Artworks: architecture parlante: talking windows

Kanzler Building, Munich 2003

Talking Windows transforms parts of the architecture of a given space into a sounding object. Special made small vibrating drivers are attached to different surfaces, making them resonate with the sounds transported from a sound source via loudspeaker cables to the driver. Thus the surface itself with the driver becomes a loudspeaker, the properties of the material and its resonating qualities determining the loudness and quality of sound.

The architecture begins to talk.

The installation at the Kanzler building in Munich, a former bookstore, applied this system to windows, as the storefront of the shop consisted basically of 16 windows and a glass door. Here the windows began talking to passengers and visitors alike, as the sound could be heard inside as well as outside the building. Classical political speeches and sounds of social controversy, evoking hope and change (f.e. JFK’s inaugural speech, Che Guevara before the United Nations, sounds of the 1968 Paris student uprisings) were confronted on every other window with sounds of nature (bird calls, crickets, a river ...).

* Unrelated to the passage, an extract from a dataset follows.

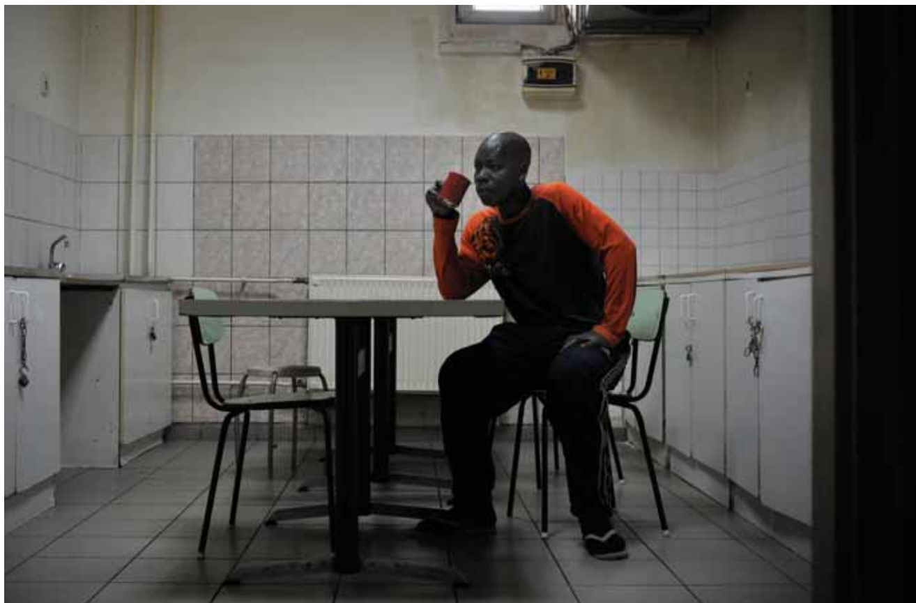
↑ OBDACHLOSER SUDANESE IN EINEM OBDACHLOSENHEIM IN BUDAPEST

Everyone passing by on the street or entering the room was first irritated as the source of the sounds could not be detected right away and in many cases stayed undiscovered. As the sound quality was that of an average home system and the different outputs were levelled in a way allowing them not to interfere with each other, all the sounds could be listened to distinctivly and clearly. The sound of a breaking glass resonated by an unbroken window added to the irritation.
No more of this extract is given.